I think it would be an overstatement to say that John Mozeliak’s legacy is totally on the line as he begins the process of resetting the Cardinals to pull them from a downward trend. But the president of baseball operations is in a tenuous spot, needing to crank up his energy and ambition to make significant changes as a sad-sack 2023 team wobbles to the worst season by the franchise since 2007.

Mozeliak is under pressure to do something about it. No, he isn’t in danger of losing his job and his contract extension lasts through 20025. But if Mozeliak fails to restore the Cardinals to their accustomed place in MLB’s hierarchy, he’ll be viewed as the baseball man responsible for the deterioration of Cardinals baseball after the organization’s prolonged and prestigious run of success.
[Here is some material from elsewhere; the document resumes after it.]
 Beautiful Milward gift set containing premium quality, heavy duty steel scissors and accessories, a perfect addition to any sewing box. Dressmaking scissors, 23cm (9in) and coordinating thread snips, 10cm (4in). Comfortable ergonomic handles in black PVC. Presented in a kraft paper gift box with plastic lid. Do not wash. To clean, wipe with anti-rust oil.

While chairman Bill DeWitt Jr. is ultimately responsible for the state of Cardinals baseball, Mozeliak is BDJ’s highly empowered point man in charge of roster personnel and planning.
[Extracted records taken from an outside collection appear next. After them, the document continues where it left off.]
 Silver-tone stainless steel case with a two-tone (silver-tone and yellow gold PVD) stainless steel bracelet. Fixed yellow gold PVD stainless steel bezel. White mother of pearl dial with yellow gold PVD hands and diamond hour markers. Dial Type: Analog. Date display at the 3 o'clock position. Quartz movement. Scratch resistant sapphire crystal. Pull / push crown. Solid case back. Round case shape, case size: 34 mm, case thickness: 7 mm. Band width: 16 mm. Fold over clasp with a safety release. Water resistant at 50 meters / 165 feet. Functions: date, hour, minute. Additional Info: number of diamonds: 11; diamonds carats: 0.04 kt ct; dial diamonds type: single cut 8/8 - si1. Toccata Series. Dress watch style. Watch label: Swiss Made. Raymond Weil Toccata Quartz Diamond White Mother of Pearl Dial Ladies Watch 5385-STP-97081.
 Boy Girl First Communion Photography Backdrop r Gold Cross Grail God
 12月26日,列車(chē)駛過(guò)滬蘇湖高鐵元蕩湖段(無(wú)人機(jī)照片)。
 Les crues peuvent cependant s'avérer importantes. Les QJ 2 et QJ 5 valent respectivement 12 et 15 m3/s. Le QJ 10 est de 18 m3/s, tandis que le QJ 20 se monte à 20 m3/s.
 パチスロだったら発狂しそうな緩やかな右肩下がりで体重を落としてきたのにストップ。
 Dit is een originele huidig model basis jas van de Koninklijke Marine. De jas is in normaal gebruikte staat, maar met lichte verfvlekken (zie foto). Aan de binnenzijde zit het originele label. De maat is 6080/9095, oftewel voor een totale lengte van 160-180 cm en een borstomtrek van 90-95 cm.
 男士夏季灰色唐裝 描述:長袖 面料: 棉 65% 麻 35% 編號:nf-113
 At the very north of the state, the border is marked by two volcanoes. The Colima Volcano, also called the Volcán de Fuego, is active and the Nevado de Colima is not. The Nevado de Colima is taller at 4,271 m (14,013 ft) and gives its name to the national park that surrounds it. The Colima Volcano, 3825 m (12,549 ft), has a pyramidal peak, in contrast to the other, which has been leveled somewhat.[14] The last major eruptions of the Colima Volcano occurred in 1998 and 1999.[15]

Make no mistake about it: the Cardinals have been tracking in the wrong direction, and it’s been happening for a while. The decline has been gradual more than sudden, and the Cardinals were able to make themselves look better than they actually were by taking advantage of a weak division. As I’ve noted a bazillion times, the 2022 Cardinals won 93 regular-season games but went only 45-41 in games played outside the NL Central. And if we include the two straight losses to the Phillies in the playoffs, that record is 45-43. To put it mildly, the 93 wins were misleading.

This house of cards collapsed in 2023, with the Cardinals wallowing at 12th in the National League and 24th overall with a .441 winning percentage.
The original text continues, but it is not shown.